Три сестры, усевшись около бабушки полукругом, каждая, стараясь притиснуться как можно ближе, наперебой начинают уговаривать:
-Бабушка, ну, расскажи, пожалуйста, что-нибудь…
— Да, что ж рассказать, вам? — спрашивает устало бабушка.
— Ну, как раньше было, как во время войны жили…
— Эх, деточки, во время войны страшно было… Слезы только, да горе великое… Дедушка ваш погиб, муж мой; дядя ваш и тетя тоже, а мои, стало быть, сын и дочь… — тихо говорит бабушка, украдкой смахивая слезу…
Да, если, по правде-то говорить, немцы, они тоже разные были… Одни лютовали, а другие относились по хорошему, по доброму… Когда были у нас в деревне бои, и солдатики-то наши
отступали, одного из них во время боя ранило сильно и нельзя его было с места трогать.

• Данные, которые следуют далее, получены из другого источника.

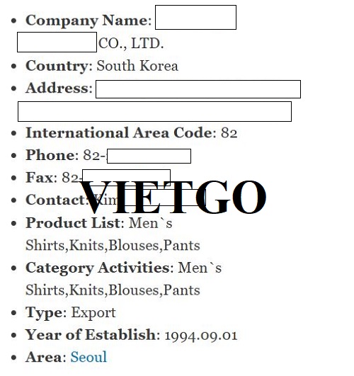 Trụ sở chính của công ty được đặt tại ██████████, Seoul. Công ty hoạt động chủ yếu theo mô hình xuất khẩu hàng may mặc, chú trọng đến chất lượng sản phẩm và dịch vụ chăm sóc khách hàng. ██████████ CO., LTD. không chỉ là nhà cung cấp đáng tin cậy trong lĩnh vực gỗ và may mặc mà còn là đối tác chiến lược lý tưởng cho các doanh nghiệp đang tìm kiếm nguồn hàng ổn định và có chất lượng cao từ Hàn Quốc.
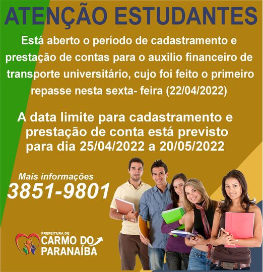 A prefeitura de Carmo do Paranaíba informa aos alunos do transporte universitário, que já estão cadastrados e receberam a primeira parcela do benefício, devem levar nota fiscal do transporte para receber a segunda parcela.
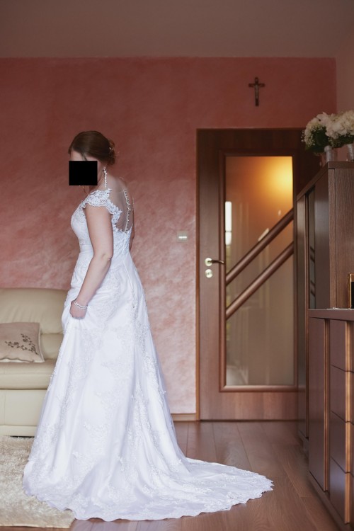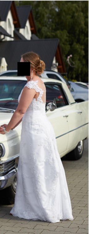 Z tył wycięcie na plecach zapinane na przeźroczyste guziki. Sukienka bardzo lekka jak na suknie ślubną. Sprzedaje w komplecie z welonem długim z haftem za obrzeżach.
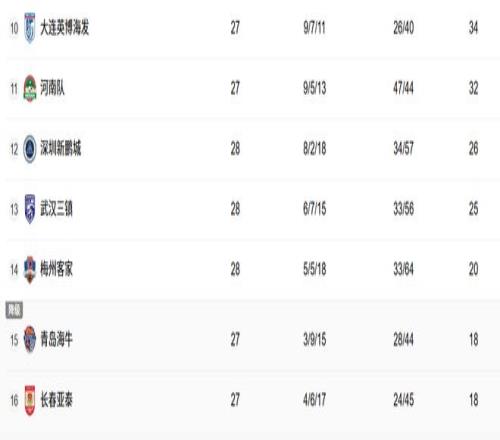 随着上述2场保级战结束,中超积分榜的保级形势基本上明朗化了!拿到2连胜的深圳新鹏城,现在积26分,领先降级区8分,基本上可以宣告保级成功!
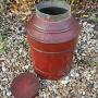 Vintage red tin Dutch tea canister. In good condition with removable lid.33 cms tall and 23 cms dia on base.DateMid 20th Century :
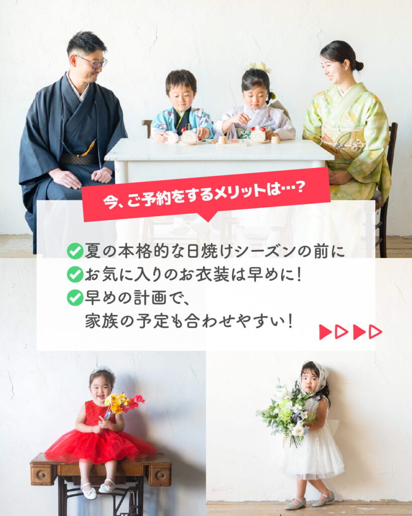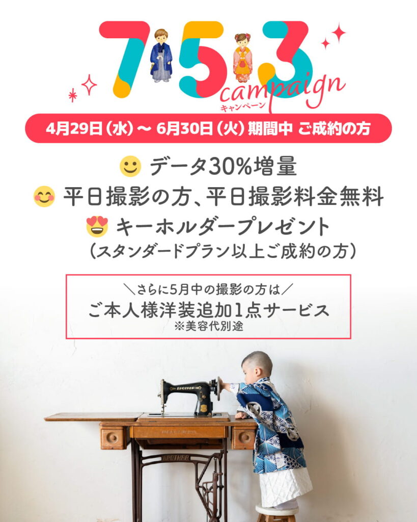 七五三キャンペーン〈4月29日~6月30日〉|七五三写真撮影|早めのご予約のメリットは…?

А дедушка ваш сказал так:
— Пусть останется у нас. Не пропадать же ему бедному, а если расстреляют за укрывательство, то всех вместе. А мамке-то вашей, повернувшись к притихшим Наташе и Танюшке, было-то всего три месяца.
Немцы вошли в деревню, стали все избы проверять — где солдаты прячутся?
Пришли к нам, а он бедный лежит — весь в кровавых бинтах.
Немецкий офицер кричит с порога:
— Русский солдат!!! Расстрелять!!!
Да только видно Богу так было угодно, что похож он на меня был, словно брат родной…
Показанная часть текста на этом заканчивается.